Religion evolved into the hodge podge it has become today starting with simple worship of the natural beauty of the world. Most of the ancient people worshipped and venerated familiar objects from a favorite rock or mountain or a shady tree that also provided fruit and sustenance. As men and women became less engaged in the daily task of gathering food and abandoned their nomadic ways, they began to look skyward and began to worship the sun and the moon.

 

Even today, in most religions, some form of sun / moon worship is prevalent ( a remnant from the past nature oriented beliefs, which primarily venerated life and creation, especially the birth of a human being in the womb of a mother, or what became an iconic mother goddess). Most religious celebrations in the past were centered around the worship of the goddess, a symbol for the fertility of the earth, which produced the things that humankind needed to survive - from crops and fruit, to life giving rivers, fresh clean air and enough game. People prayed for rain to arrive so that their harvest would be successful. The Egyptians believed that without prayer, the sun would not return the following morning and so on.

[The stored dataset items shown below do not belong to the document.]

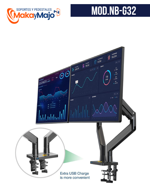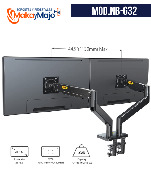 Se adapta a televisores o monitores de pantalla plana LCD, LED de 22″ a 32″ pulgadas de tamaño con una carga de 2 a 15 kilos para cada brazo.
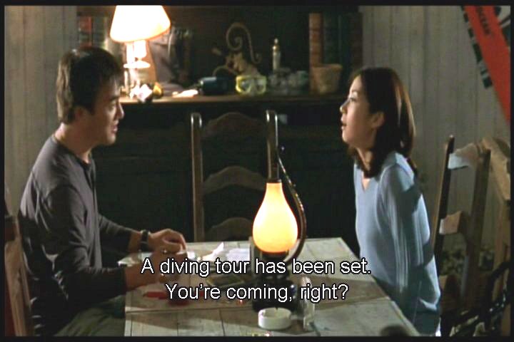 She meets with a member of the scuba club she belongs to. He later asks her something about what she would do if someone said they needed her help.
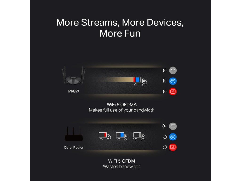 S dvoupásmovým Wi-Fi 6 routerem MR85X AX3000 od TP-Link rozšíříte pokrytí a zvýšíte rychlost a kapacitu připojení. Technologie Smart Connect automaticky vybere to nejlepší pásmo pro každé zařízení. Rychlosti Wi-Fi 6 dosahují až 3 Gbit/s, takže dokončíte stahování velkých souborů během několika minut. Zároveň streamujete obsahy v kvalitě 4K bez prodlev a přerušování. K dispozici máte 1x 2,5gigabitový WAN port a 3x gigabitový LAN port pro kvalitní a spolehlivé kabelové připojení.
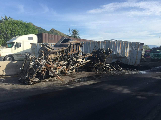 Khánh hòa: hai ô tô bốc cháy dữ dội sau vụ tai nạn liên hoàn trên quốc lộ
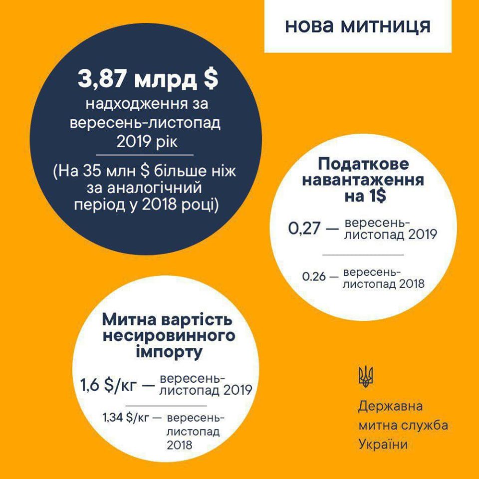 "За останні 3 місяці (вересень-листопад) надходження від митниці до Держбюджету склали 3.87 млрд дол. США — на 1% більше ніж за аналогічний період 2018-го. При тому вартісні обсяги оподаткованого імпорту зменшилися на 7% (в першу чергу через падіння світових цін на вугілля, газ, нафту). Тобто наразі митниця збирає більше податків, при зменшенні вартості ввезених товарів. Як результат за останні місяці зросло податкове навантаження на 1$ імпорту — з 0,26 $ в 2018 до 0,27 $ в 2019", - розповів Нефьодов.
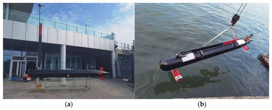 The SSOP mentioned in this paper has been experimentally verified across several performance metrics, including maximum speed, navigation accuracy, maximum operating depth, continuous operation time, and terrain exploration capability. In this study, an SSOP was used for underwater motion control experiments. The experimental site is located in the southern offshore waters of the National Marine Comprehensive Test Site (Weihai), as indicated by the positioning marker in Figure 8a. Figure 8b illustrates the motion process of the SSOP during the sea trial.
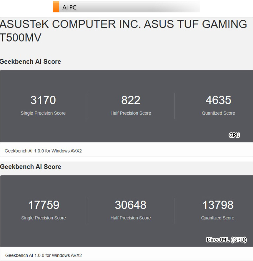 이 제품은 RTX 5060 Ti 그래픽카드가 장착되어 다양한 AI 애플리케이션을 편하게 활용할 수 있다. 상단의 사진은 긱벤치 AI를 이용해 성능을 확인하고 있는 모습으로 사무용 PC나 구형PC 대비 스코어가 상당히 높은 것을 확인할 수 있었다. (구형 그래픽카드를 탑재한 모델들과 분명한 차이를 보여주었다.)
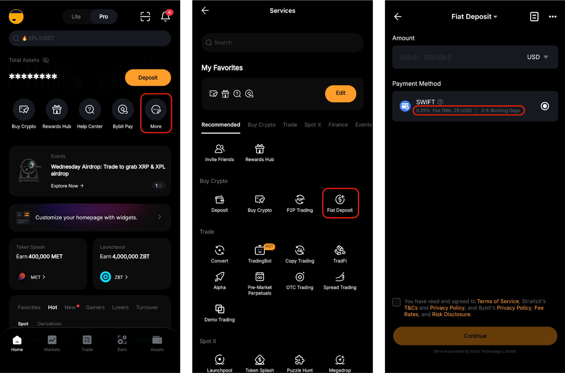 On the App, please go to the Homepage and tap More, then select Fiat Deposit. Next, tap on the fiat currency to view the associated fees for each available payment method.
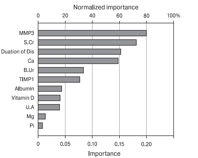 The NN analysis. The other important findings of the present study are the results of NN studies in Table 3. The measured parameters have a moderate sensitivity with excellent specificity for the prediction of HD+CRP versus HD–CRP. Figure 1 shows the top four predicting variables for predicting a high risk of inflammation in HD patients, which are MMP3 followed by creatinine, duration of disease, and total calcium. While NN#2 showed a great sensitivity of the model in predicting HD patients from the control group with the usual biomarkers of HD (urea and creatinine). However, MMP3 and vitamin D also act as possible predictive variables. Various metabolites may generate or be absorbed due to elevated serum urea levels, which probably lead to malnutrition, inflammation, and uremic toxicity [12]. TIMP1 is expressed in human glomeruli and is upregulated in glomerulosclerosis [9]. In clinical studies, patients with diabetic kidney diseases have been shown to have abnormalities in MMP/TIMP modulation. In patients with DKD, increasing glomerular lesions have been associated with reductions in serum TIMP1 and TIMP2 levels and increases in serum and urine TIMP1 levels [35, 42]. The induction of the decrease in serum MMP9 and MMP3 levels is one of the possible mechanisms responsible for the decrease in urea levels [50]. There was a significant positive correlation between the total score of kidney injury molecule 1 (KIM-1) expression and kidney function parameters for AKI, including serum creatinine and blood urea. In addition, strong positive correlations were found between the total score of KIM-1 expression and proximal tubular necrosis and MMP3 expression. The KIM-1 shedding might be stimulated by MMP3 [38].
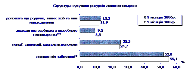 Середньомісячні загальні доходи одного домогосподарства за 9 місяців 2007р. склали 1860 грн. Міське домогосподарство отримувало в середньому за місяць 1941 грн., сільське – 1681 грн. У середньому на одного члена домогосподарства загальні доходи становили 715 грн. на місяць, у міських домогосподарствах – 764 грн., у сільських – 613 грн. Рівень середньомісячних загальних доходів однієї особи перевищив рівень встановленого у ІІІ кварталі 2007р. прожиткового мінімуму (525 грн.) на 36%. Слід зазначити, що темп росту середньодушових загальних доходів у січні–вересні 2007р. порівняно з аналогічним періодом 2006р. перевищив індекс споживчих цін за цей період: відповідно 124,1% проти 111,9%.

Of course, we don't have an exact record of the practices and all we can do is guess and make deductions based on what records exist in the form of papyrii or hieroglyphics on various tomb walls and monuments.

 

As humankind became more comfortable with the Earth and the need to placate its anger (earthquakes, volcanoes, storms and the like) by building shelters, cities and even understanding things about how to look for storm warnings, navigate the oceans and so on, religion not only became more spiritual in terms of asking who we are and where do we all come from and why does life exist in the first place, it also became a tool for control. Kings and others saw a way of maintaining power over large sections of the populace as humankind began settling in cities, abandoning their small camp like, nomadic settlements. If religion did not exist in some form, it would have to be invented as there was no way a king or other ruler could maintain control over the masses through sheer logic, reason and laws.

 

You need something else, a fear of the unknown, a fear of death or what happens to your soul after you die, an afterlife, rebirth, reincarnation, whatever theory that could explain or attempt to answer the perennial and age old questions that people have been asking for 1,000s of years. These questions were posed 5,000 years ago, if you read an ancient Indian epic poem called the Mahabharata and these remain unanswered today.

 

Where does everything come from ? Science tries to explain the mechanics but again, it's all vague and while everyone is more or less convinced on the big bang, what existed before the big bang is another question. Did something come out of nothing. In the beginning, everything was infinitesally small. String theory is talking about multi dimensional worlds, which is again all theory.

 

In short, no one has any answers and I think the point is that there aren't any. If life was not a mystery, it would be dull and boring and if you knew the future, the present is not worth living and the past is irrelevant. Celebrate each moment as you live and live each moment as if it were your last. There is only the present and nothing else. The past - it's already gone, never to return. If you think about the past, you waste the present. The future ? No one knows what the future holds. Believe in yourself, believe in others and as long as you try to live a life where you live and act according to your beliefs, you help people who are in need and you can afford to and are comfortable within your own skin, what need do you have for anything else ?

 

Religion, spirituality and other forms of belief are private, intense and personal. Anyway, all of this is my opinion. Everyone is unique and entitled to their own opinion.

 

Who knows in the end ?? Perhaps every one of us, each human being is a universe all unto his own. Think about it, do you exist independent of everything else ? Or does everything else, the entire universe exist only because of you and does everything in it die along with you when you die ? No one can answer this age old question. Not any religion, saint, no one.

 

I'm reminded of an old saying here - He who says he knows, does not know. He who knows, does not say. He who says he doesn't know, he is an honest and wise man. Try to be like the wise man and live in truth, that is the only religion I try to practice.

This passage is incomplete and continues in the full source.